As the name says, I'm back for more. I used to be fairly active on here but have been away for years and am back for more.
First, a bit about me. I'm a 36 year old man. I was born into the JW's. I never got baptized but that doesn't mean I wasn't super active back when I was in school. One thing led to another with my family and I left when I was 20 when I got married to a non-JW. I thought they were probably right but had just had enough of their crap that I didn't care anymore. A year or two later my wife got pregnant and I wanted to raise my son right so I started to move past that for his sake. What ended up happening was I finally figured what a load of crap all the JW stuff was. In a nutshell, I went out of my congregation in a glorius ball of flames and haven't looked back. Seriouslly, it was awesome and I have no regrets about it. I moved on and built a pretty good life for a while there. Then, as life often does, everything fell apart. I got diagnosed with kidney failure, celiac disease, got in a car wreck that broke my leg, got laid off from a pretty darn good job, and my wife got cancer (er she's all better and just fine now) all within the period of less than a year. Since then, I totally dropped my old career (even with various places offering larger and larger sums of cash to come work for them), went back to school, and just finished my nursing degree last week. An interesting life that I have no regrets of when you look back at it, even if it has been only 36 years.s
So what brought me back here? The need to vent some. I'm out of the "truth." So far out of it that it's not even funny and I'm never going back. My family joined back in the 40's. My dad heard how he would never get to see the end of elementary school before the new world came. Now, his grandchildren are past that age and "the end" is no closer than it was all those years ago. I've been trying to reconnect with various family members (mainly my sister, my nephew who I was like a dad to when he was a baby, and a cousin I was always so close to and loved dearly). Its part of the joy of Facebook that I was able to reconnect with these people. Putting it lightly, these reconnections have not gone well. How the @#$* do you talk to people that put stuff up about how the new world is so close when their entire lives have been wasted waiting for the same things that their parents have been waiting for but haven't seeen? How do you deal with someone you've loved your entire life that looks down on you because you've spent years learning how to care for the ill instead of wasting your time cleaning the bathrooms of stadiums where the people who think the same way will poop for a few days?

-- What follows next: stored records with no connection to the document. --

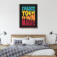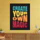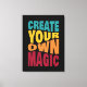 Design de typographie de style rétro coloré avec la citation inspirante "Créez votre propre magie." Parfait pour les rêveurs, les créatifs et tous ceux qui croient en la positivité et l'expression de soi. Un choix idéal pour les t-shirts, les affiches, les peintures murales, les autocollants et autres produits imprimés sur demande.
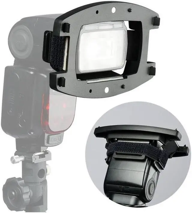 This Manfrotto universal adaptor will attach to most flash guns via a hook and loop tape locking feature. Once attached to a flash gun Strobo accessories such as Gel holders, Snoots, Honeycomb's and Barn Doors can be attached via a unique magnetic mount.
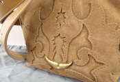 Motifs surpiqués WESTERN, avec Bandoulière en cuir ajustable et amovible, Rabat à fermeture aimantée et Poche appliquée à l'intérieur. Dimensions : 14 x 16 x 11 cm. Avec son dustbag.
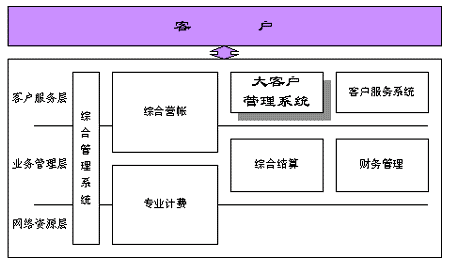下圖顯示的即為大客戶管理系統(tǒng)在電信綜合業(yè)務(wù)支撐系統(tǒng)中的位置:
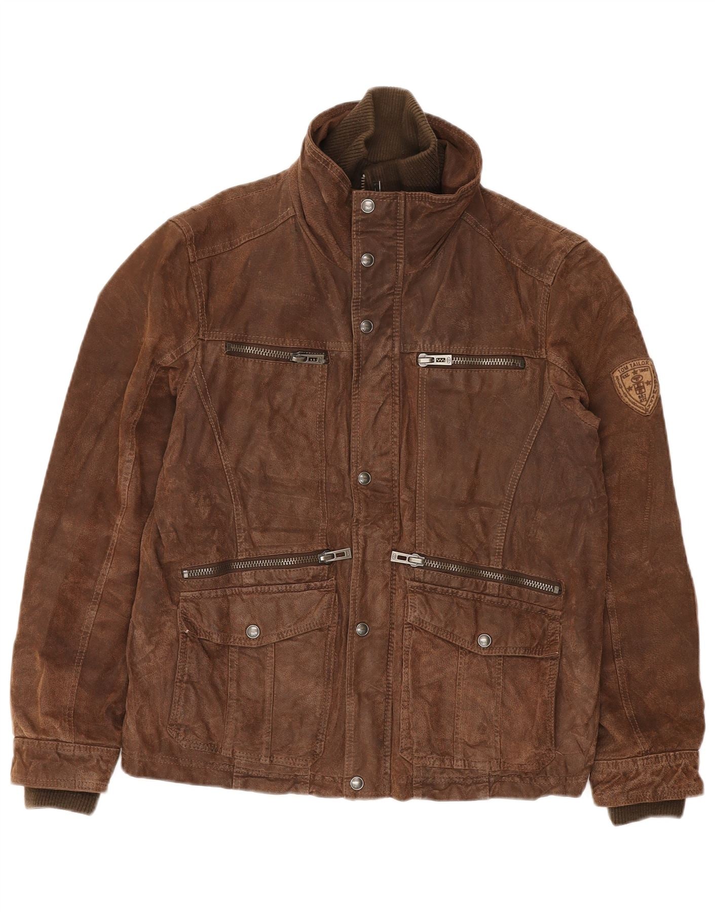 TOM TAILOR Mens Suede Jacket UK 38 Medium Brown Leather
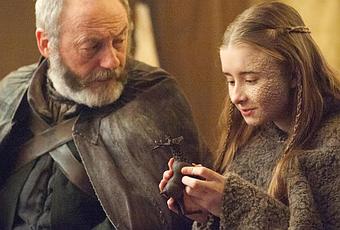 Llegando a uno de los dos momentos culmen del capítulo, hemos tenido la dolorosísima escena de Shireen Baratheon. Tras toda esta temporada enseñándonos a un Stannis Baratheon totalmente enfrentado interiormente entre lo que le dictaba el corazón y lo que le dictaba la cabeza, ha tomado una resolución. Después de su más tierna escena. De su momento de debilidad de corazón cuando hace mostrar el amor por su hija. De saber que ella confía en él plenamente y que no sería capaz de hacerle ningún tipo de mal. Después de todo esto, se ha dejado llevar por los engaños de Melisandre de Asshai. La pobre dulce, inocente y buena de Shireen, que nada tiene que ver realmente con las crueldades de su padre, ha recibido la mayor y peor de todas de lleno en su cara.Pero lo más impactante no es sólo esto, sino también la hora de la verdad. Cuando entre gritos de dolor llama primero a su padre y éste impertérrito como una piedra no se mueve, empieza a llamar a su madre. Algo se despierta dentro de Selyse Florent. Algo que había perdido debido a su obsesión con el Dios de la Luz y todas las comeduras de cabeza que se había traído consigo la Sacerdotisa Roja. Algo que al haberlo perdido había hecho que tratara a su hija con todo el desprecio. Y ese algo es el amor maternal. El amor infinito de una madre. Y es cuando lo recupera cuando es demasiado tarde para intervenir en el drama que está pasando. Cuando no puede aliviar el dolor de su hija. Cuando no puede salvar su vida. Es entonces cuando, rota, cae al suelo a llorar y a lamentar todo lo que ha hecho.

For that matter, it isn't even the fact that the people I care so much look down on me because I couldn't buy into the lie anymore. The thing that really bothers me is the fact that they still base their lives on such utter and complete BS. They can hate me for whatever reasons they want. As much as it may suck, I can deal with that. The part that really bothers me is watching them waste their precious and wonderful lives the same way I did as did our parents and even grandparents. I watch them pay the price that generations before have paid. It is a very steep price that takes a large piece of their beautiful lives that has already robbed so much from so many others and yet they are so blind to it all. I hate that more than I will ever be able to express.
At the same time, however, that's why I'm back for more. If there is ever a group of popele that can relate to what I am feeling, it is you all. I need to have a group of people that understand what it is I am saying. You can explain it to people who have never been a part of it but it will never be the same as talking to people that have experienced such things first hand.